Pada suatu sore seorang ayah bersama anaknya yang baru
saja menamatkan pendidikan tinggi duduk berbincang-bincang di halaman sambil
memperhatikan suasana di sekitar mereka.
Tiba-tiba seekor burung gagak hinggap di ranting
pohon. Si ayah lalu menunjuk ke arah gagak sambil bertanya, “Nak, apakah benda
tersebut?”
“Burung gagak”, jawab si anak. Si ayah
mengangguk-angguk, namun beberapa saat kemudian mengulangi lagi pertanyaan yang
sama. Si anak menyangka ayahnya kurang mendengar jawabannya tadi lalu menjawab
dengan sedikit keras, “Itu burung gagak ayah!”
Tetapi sejenak kemudian si ayah bertanya lagi
pertanyaan yang sama. Si anak merasa agak marah dengan pertanyaan yang sama dan
diulang-ulang, lalu menjawab dengan lebih keras, “BURUNG GAGAK!!” Si ayah
terdiam seketika. Namun tidak lama kemudian sekali lagi mengajukan pertanyaan
yang sama sehingga membuatkan si anak kehilangan kesabaran dan menjawab dengan
nada yang ogah-ogahan menjawab pertanyaan si ayah, “Gagak ayah.......”.
Tetapi kembali mengejutkan si anak, beberapa saat
kemudian si ayah sekali lagi membuka mulut hanya untuk bertanyakan pertanyaan
yang sama. Dan kali ini si anak benar-benar kehilangan kesabaran dan menjadi
marah.
“Ayah!!! saya tidak mengerti ayah mengerti atau tidak.
Tapi sudah lima kali ayah menanyakan pertanyaan tersebut dan sayapun sudah
memberikan jawabannya. Apakah yang ayah ingin saya katakan???? Itu burung
gagak, burung gagak ayah.....”, kata si anak dengan nada yang begitu marah.

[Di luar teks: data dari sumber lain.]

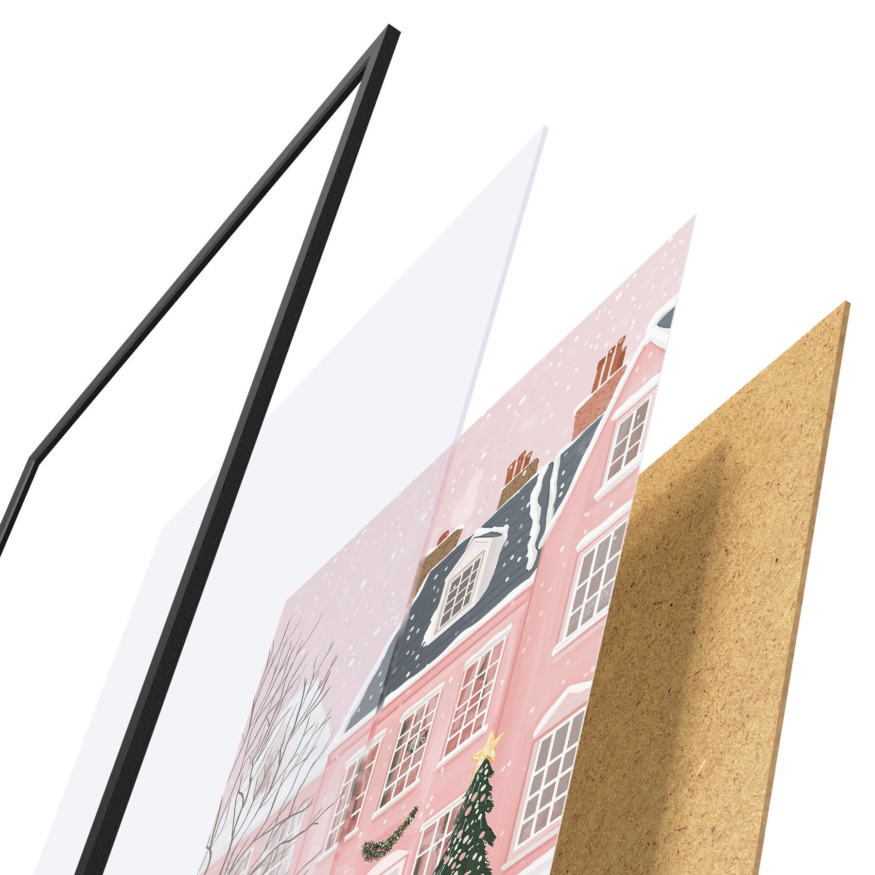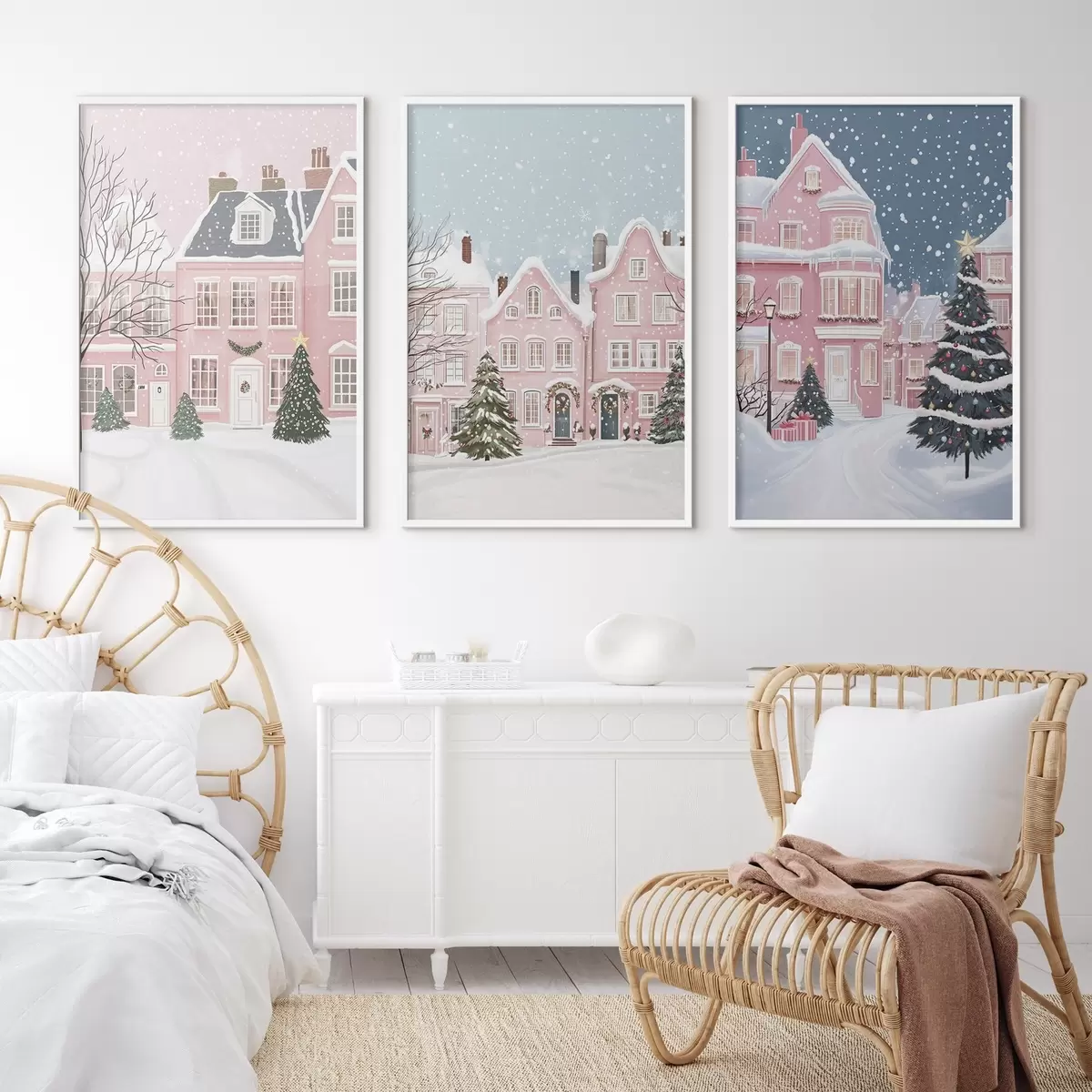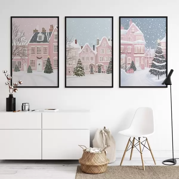 Poster Belle ville d'hiver avec des maisons roses, des pins et des flocons de neige Nr d00410

Si ayah kemudian bangkit menuju ke dalam rumah
meninggalkan si anak yang terheran-heran. Sebentar kemudian si ayah keluar lagi
dengan membawa sesuatu di tangannya. Dia mengulurkan benda itu kepada anaknya
yang masih marah dan bertanya-tanya. Ternyata benda tersebut sebuah diari lama.
“Coba kau baca apa yang pernah ayah tulis di dalam buku diary itu”, pinta si
ayah. Si anak taat dan membaca bagian yang berikut.......... “
Hari ini aku di
halaman bersama anakku yang genap berumur lima tahun. Tiba-tiba seekor gagak
hinggap di pohon. Anakku terus menunjuk ke arah gagak dan bertanya, “Ayah,
apakah itu?”.
Dan aku menjawab, “Burung gagak”.
Walau bagaimana pun, anak ku terus bertanya pertanyaan
yang sama dan setiap kali aku menjawab dengan jawaban yang sama. Sampai 25 kali
anakku bertanya demikian, dan demi rasa cinta dan sayang aku terus menjawab
untuk memenuhi perasaan ingin tahunya. Aku berharap bahwa hal tersebut menjadi
suatu pendidikan yang berharga.”
Setelah selesai membaca bagian tersebut si anak
mengangkat muka memandang wajah si ayah yang kelihatan sayu. Si ayah dengan
perlahan bersuara, “ Hari ini ayah baru menanyakan kepadamu pertanyaan yang
sama sebanyak lima kali, dan kau telah kehilangan kesabaran dan marah.”